Professor Sun taught this class as if the whole course was a review session for multiple large and complicated ML concepts. She went extremely fast because she had to cover all of M146's material in the first half of quarter + new materials. We had HW due almost every week that had pretty vague instructions and requires a lot of time to figure out how the code/calculation works. But, if you're willing to put in the time and effort to do the HW yourself, I think you'll understand the material pretty well. Each HW took me about a day of my weekend. She expects students to know how to use dataframes and matrix operations in numpy very well, as your code will likely take hours to run if it is not optimized.
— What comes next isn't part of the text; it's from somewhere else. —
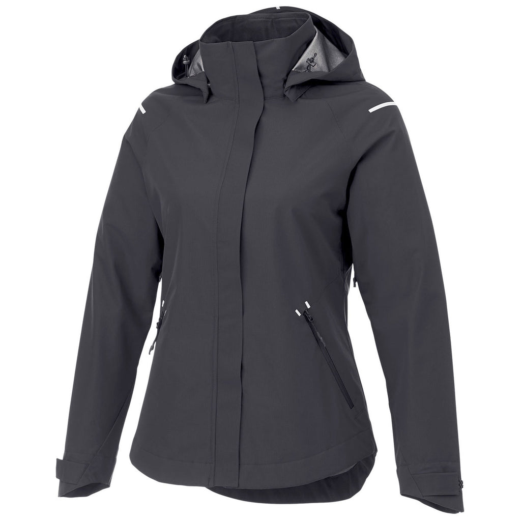 Add a custom logo to the Elevate Women's Black Gearhart Softshell Jacket to create a look that will be ready to go wherever you want. This ultra-lightweight jacket is waterproof and breathable with critical seam sealing and a snap off hood. The three layer construction offers soft brushed tricot against your skin and a sleek outer layer to keep you dry. Create rain gear for any occasion with a little something extra like a custom logo. Try a company logo to use as employee apparel or gifts for any occasion. Perfect for those who need something easy to layer and get on and off with the front zip and side zippered pockets.Corresponding Men's Style:Elevate Men's Black Gearhart Softshell Jacket

The course project was a group project to predict number of Covid cases and deaths which had literally almost nothing in common with any topics taught in this course. So, to do well on the project, you either find teammates who are already pretty experienced with implementing different ML models or you spend hours trying to figure it out yourself. The number of hours put in the project does not really correlate to the performance of your model. You could spend hours processing your data and using some complicated model in some research paper online and get significantly worse results than simply using a LINEAR REGRESSION on the data provided without using any of the other features. Hopefully the projects will be easier in future years.
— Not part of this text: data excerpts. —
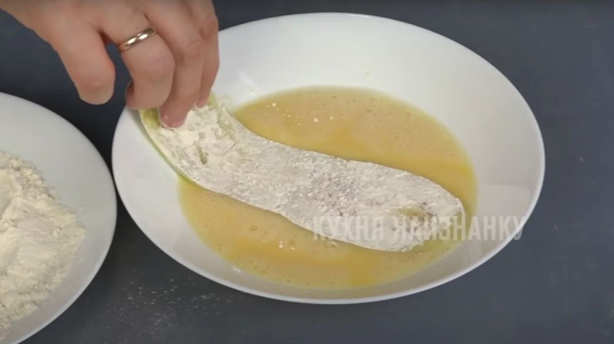Ломтики баклажана просушиваю бумажным полотенцем, опускаю вначале в тарелку с мукой (хорошенько обваливаю со всех сторон), затем во взбитые яйца. Именно так, не наоборот!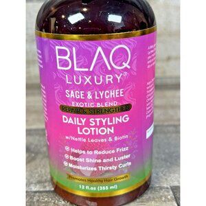 BLAQ LUXURY Sage & Lychee Daily Styling Lotion Organic Organic NEW 12 FL. OZ. Brand new. Detail pictures are attached. Sold as is as pictured in the listing. -Shipping & Handling-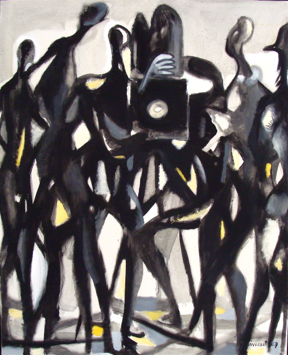 " Caméra 5 ".Huile sur toile signée et datée en...

The exams weren't extremely difficult if you actually understand the materials. BUT, to understand the materials, it takes WAY more than just attending her lectures (unless you're some kind of ML genius) as her lectures were very fast and often makes a simple concept (ex: Apriori algorithm) extremely complicated. You have to put a lot of time and effort outside of class to deciphering her slides or just reading other people's online explanations. Good thing was that exams were open book, so you didn't have to memorize a lot of definitions and formulas. But the professor did use respondus.
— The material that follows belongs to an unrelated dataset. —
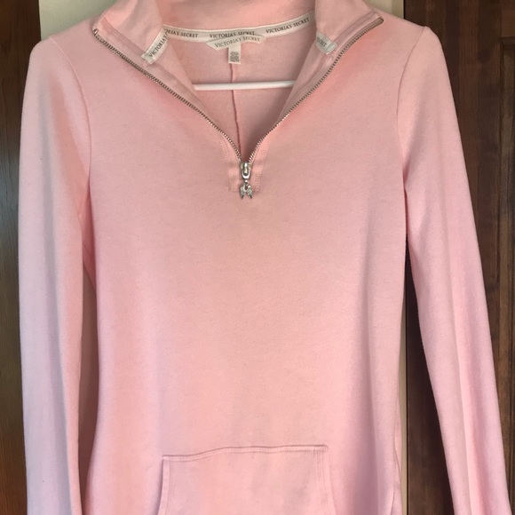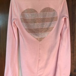 Light Pink 1/4 zip. Tunic length, very soft. Rough edge hem, Silver and Gold Bling Heart on the back. Size XS

Nevertheless, looking back with the amount of effort I put in to understand the material, I did learn a lot of useful knowledge in this class + significantly improved my python skills. The materials were interesting, specifically in the second half where we learned frequent pattern mining and text data mining. The professor, despite her often confusing lectures, did always try her best to answer any questions student may have.
tl;dr: professor not great at explaining. this class is a lot of effort and self-studying, but you do learn a lot if you're willing to put in that effort.
I personally felt like this class was extremely theoretical and the professor wasn't great at explaining most concepts. She would start each concept with a lot of theory and complicated math and derivations and then after everyone is extremely confused, she'll go through an example which will seem so simple that it's impossible to relate to the theory that she just went through. She's not too great at explaining most concepts which is why I was very confused by most of the theoretical portions. Honestly, I've done M146 and I felt like I got even more confused about certain concepts after doing this class. I would not recommend taking this class with this professor.